Main dans la main pour sauver encore des vies

Goma, le 30 Décembre 2018 (caritasgoma.org) – Plus de deux décennies durant, la République démocratique du Congo (RDC) est en proie à l’insécurité généralisée. Point n’est besoin de rappeler ici les tableaux peints de sang des fils et filles qui ont perdu leurs vies. La situation est toujours alarmante dans sa partie Est, où hommes et femmes continuent à subir les affres de la guerre. Ces femmes, hommes, enfants et vieux sont privés de leur dignité à cause de l’intolérance ou encore du refus des hommes de vouloir bâtir une société où prévalent l’amour, la liberté, la solidarité et le mieux-être.

Depuis 1993, les conflits interethniques et les guerres jettent de milliers de gens sur la route et les obligent à s’entasser dans des camps de fortune où ils passent la nuit à la belle étoile. Cependant, le drame humanitaire que connait l’Est du pays n’a pas laissé indifférent, les organisations humanitaires qui n’hésitent pas à intervenir pour soulager tant soit peu la souffrance de populations en errance.

Néanmoins, force est de constater que l’attention portée jadis sur cette partie du pays commence à faiblir. Les aides venant de l’extérieur deviennent de plus en plus rares. Est-ce un signe de lassitude de la part de certaines organisations humanitaires ? Ou tout simplement un signe de relâchement des donateurs, qui en ont assez de cette Afrique meurtrie par les guerres ?

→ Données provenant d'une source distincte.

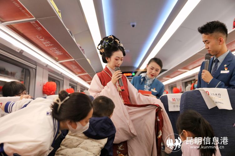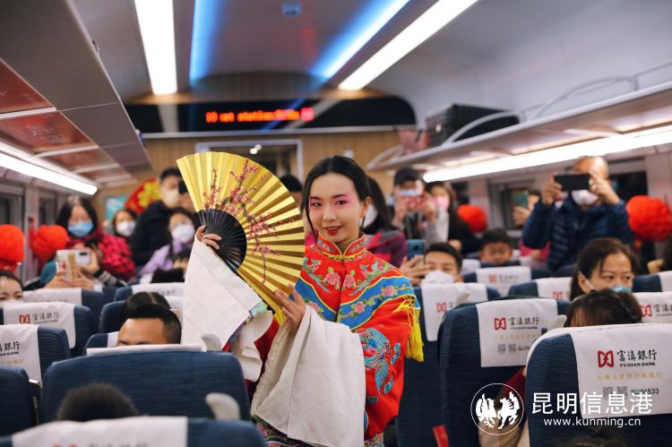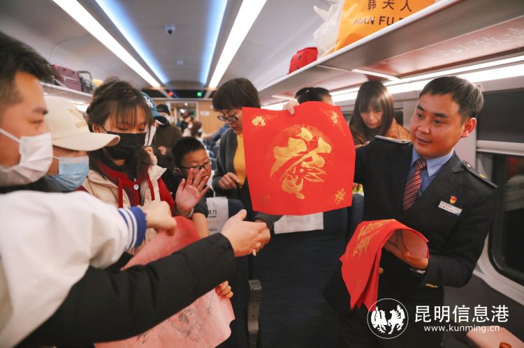 车厢里,傣族舞蹈、国粹京剧、老挝舞蹈、汉服双人舞、合唱《我和我的祖国》、茶艺、现场写春联送福字陆续登场。每一个节目都给旅客带来了欢乐,车厢里不时传出一阵阵笑声。

Au moment où l’Est de la RDC ne fait plus la une des informations de chaines internationales, ceux qui, autrefois, soutenaient à la hauteur de leurs moyens les populations en souffrance voient diminuer sensiblement leur enveloppe. Il faut noter que la crise financière mondiale n’a pas épargné nos partenaires.

Nonobstant, l’Est de la RDC éprouve plus que jamais le besoin d’une intervention humanitaire. La solidarité internationale est encore nécessaire car les populations déplacées sont encore dans le désarroi total et leur nombre ne fait qu’augmenter.

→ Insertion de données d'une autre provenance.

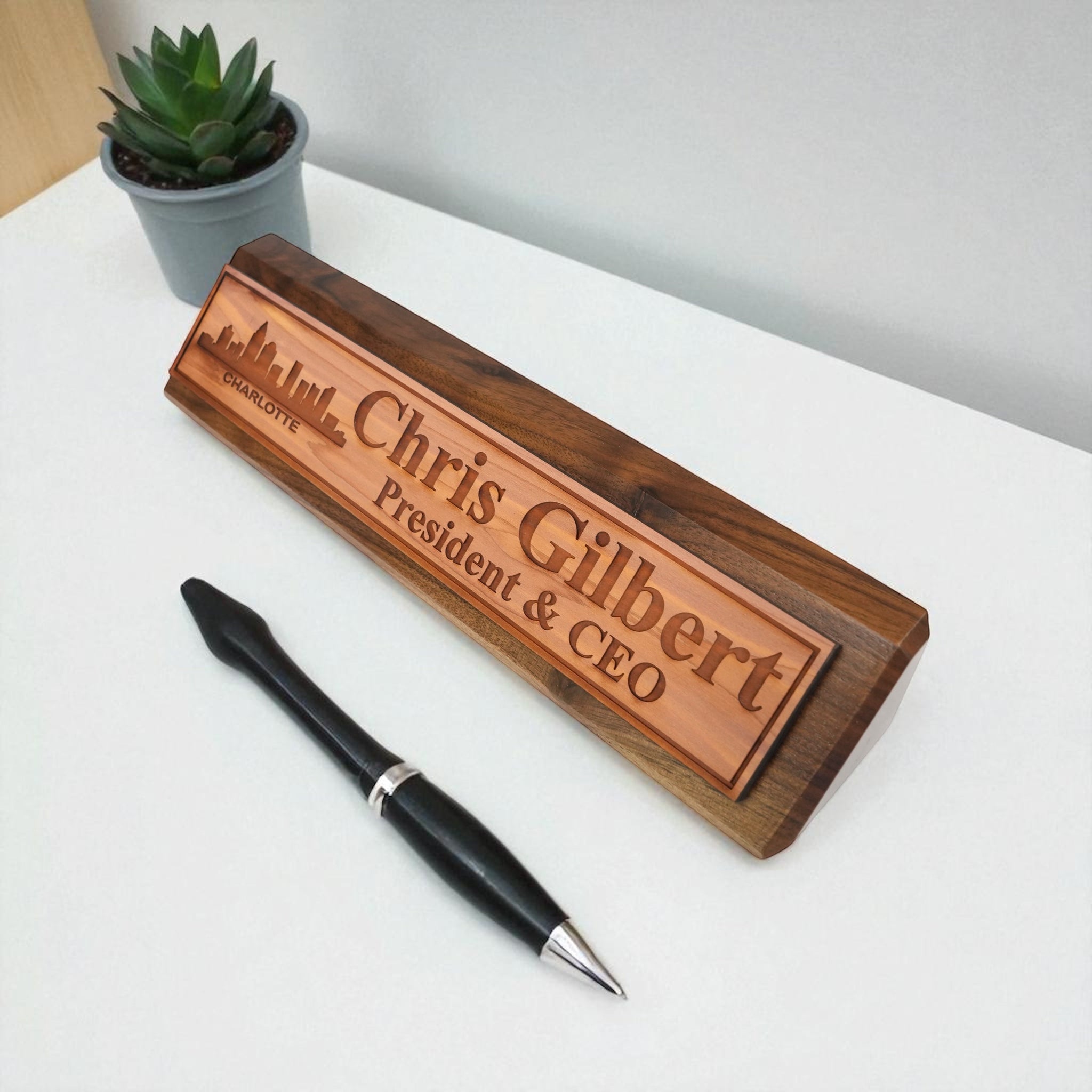 Our Desk Wedge CEDAR Name Plate combines personalized titles and styles with a sleek 11-inch length, available in black piano finish, rosewood piano finish, and solid walnut. Expertly crafted, its wedge design ensures optimal visibility and adds a sophisticated touch to any professional workspace. Made from high-quality materials, this name plate offers durability and elegance, making it an ideal choice for executives and professionals seeking a distinguished desk accessory.

Sur l’ensemble du territoire congolais (2,3 millions de km2, 70 millions d’habitants, neuf pays frontaliers), le Haut-Commissariat pour les réfugiés a enregistré une croissance du nombre des déplacés internes de “deux millions début 2017 à près de quatre millions six mois après.

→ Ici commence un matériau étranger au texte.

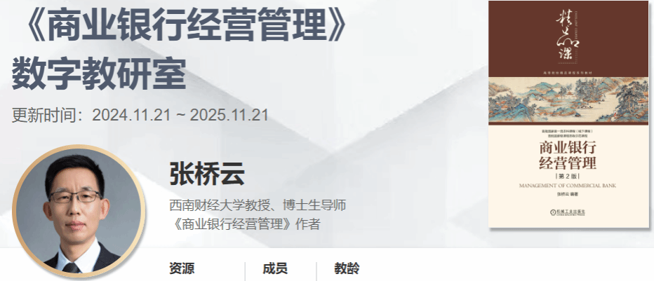 近几年,张桥云教授除思考和探索商业银行教材中国化外,一直秉承“以资源化让员工增负”和“以数字化为老师减负”的课程建设思路,希望对减轻大家的教学负担,特别是让青年教师在解决课程思政不敢讲不愿讲不会讲问题方面发挥积极作用。现在上线的“商业银行经营管理”课程数字教研室是他在这方面的新的尝试。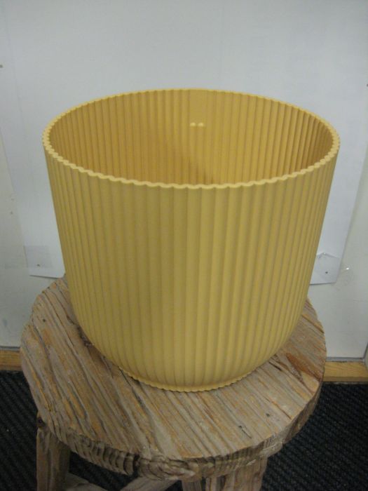 Kierrätysmuovista valmistettu muoviruukku. Kaunis pystyraita -kuvio.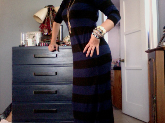 Just to prove that it's not hard to dress nicely with very little $, the dress I'm wearing is from Old Navy, but it reminds me of something Michael Kors would do.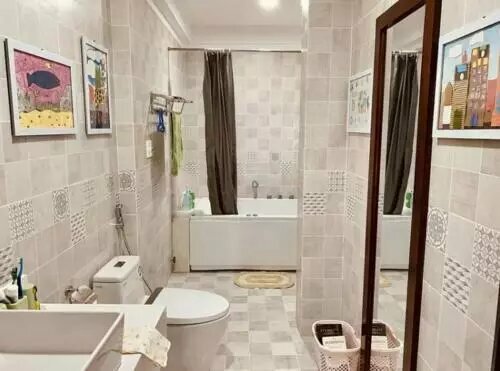 WC a koupelna jsou propojené. Rozhodli se vyzdobit tuto místnost v jemných bílých barvách. Renovace proběhla v souladu s moderními standardy. Pro tak velkou rodinu může kombinace toalety a koupelny způsobit určité nepříjemnosti. Například když se jeden člen rodiny sprchuje, jiný možná bude muset použít toaletu.

La République démocratique du Congo (RDC) est d’ailleurs le pays au monde qui compte le plus grand nombre de déplacés internes, avait déjà révélé en mai 2017 le Conseil Norvégien pour les réfugiés (CNR), qui avançait alors le chiffre de 3,7 millions. Les régions le plus concernées sont: le Nord et le Sud Kivu, le Tanganyika et le Kassaï.

Entassés dans des camps de fortune, l’on comprend sans doute que le souci majeur de ces déplacés consiste à trouver de quoi se mettre sous la dent. Mais en réalité, le plus grand souhait demeure le retour dans leurs contrées où ils retrouveront leurs maisons, leurs champs, leurs familles. Une paix qui, malheureusement semble loin d’être acquise.

Ce tableau, rappelle aux hommes de bonne volonté qu’il y a encore des vies humaines à sauver à l’Est de la RD Congo. Là où la dignité de l’homme est bafouée et menacée dans son essence, la conscience collective invite l’humanité entière à se lever pour sauver nos semblables qui vivent une amère privation et éprouvent le sentiment d’abandon mais aussi de celui du désespoir. Ne dit-on pas qu’une ipséité en vaut une autre? Que notre solidarité envers nos prochains soit davantage agissante. Vif, notre engagement pour la paix et la sécurité.

Que le Prince de la paix, l’Emmanuel Dieu parmi nous, fasse renaitre dans les cœurs de chacun l’espérance longtemps brisée par toutes ces crises qui continuent à déshumaniser notre monde.

A vous tous, je souhaite une bonne fête de Nativité de notre Seigneur Jésus Christ et une bonne et heureuse année 2018.